Otherwise, under 1983 such offenses as involuntary manslaughter, or even reckless driving in circumstances, would be actionable as deprivations of civil rights. Given the scope the court now grants it, 1983 would indeed be all-pervasive. As one example, it would allow a State health officer or official physician to be sued for an accident, or for gross and culpable negligence, in treating a patient at a public clinic. Again, a driver of State fire equipment answering an alarm could be sued under 1983 for injuries inflicted on spectators on the street if caused by his negligence, if gross and culpable. Suppose, further, he destroyed, damaged or trespassed upon private property, would he be liable for depriving the owner of his civil rights? Illustrations of this sort are innumerable. The statute would enter into every instance of possible gross carelessness by a State representative in the performance of his duties. This, I believe, was not within the purpose, aim or in-tendment of the enactment.

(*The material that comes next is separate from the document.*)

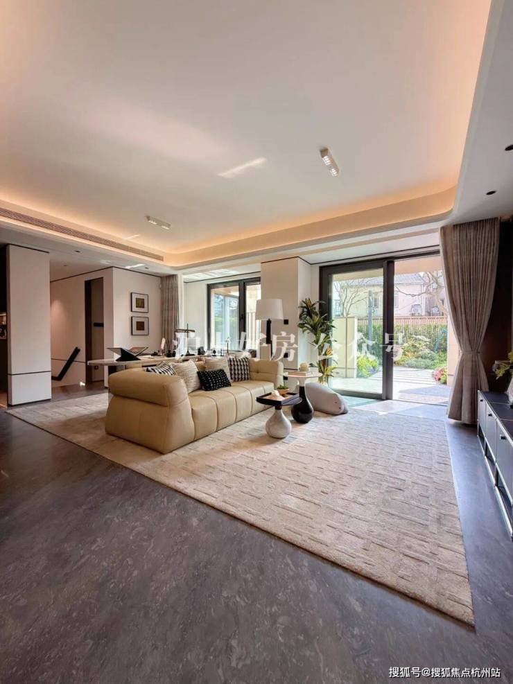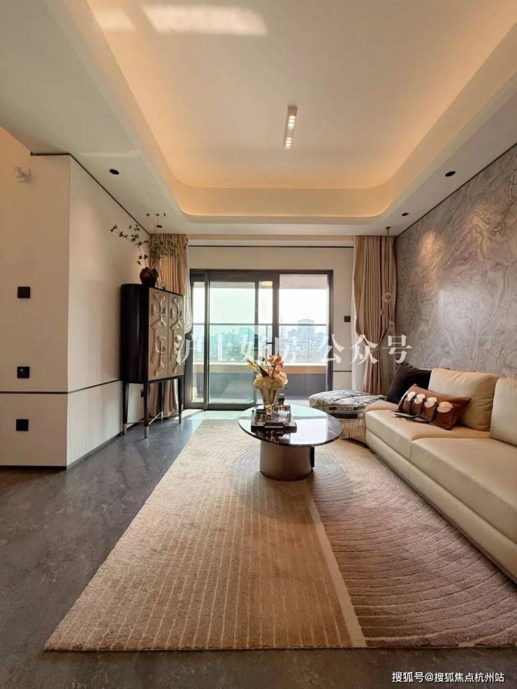 餐客厅是这个户型的一大亮点,其中客厅一眼看过去非常和谐。因为从花园到主卧门再到餐边柜,都做了木饰面,电视机背景墙采用的是“云起姑苏”的岩板。

While exhaustion of a State remedy is not prerequisite to a suit upon 1983, the opposite seems equally true — every culpable and gross act by a State representative causing injury is not remediable under 1983. Its “purposes [are] several-fold — to override certain kinds of state laws, to provide a remedy where state law [is] inadequate, ‘to provide a federal remedy where the state remedy, though adequate in theory, [is] not available in practice’ (citation omitted), and to provide a remedy in the federal courts supplementary to any remedy any State might have.” McNeese v. Board of Education, 373 U.S. 668, 671-672, 83 S.Ct. 1433, 1435, 10 L.Ed.2d 622 (1963).

In my appraisement the facts now related in the court’s opinion do not bring the case for 1983 under any of these contingencies, so I dissent from any reliance upon it.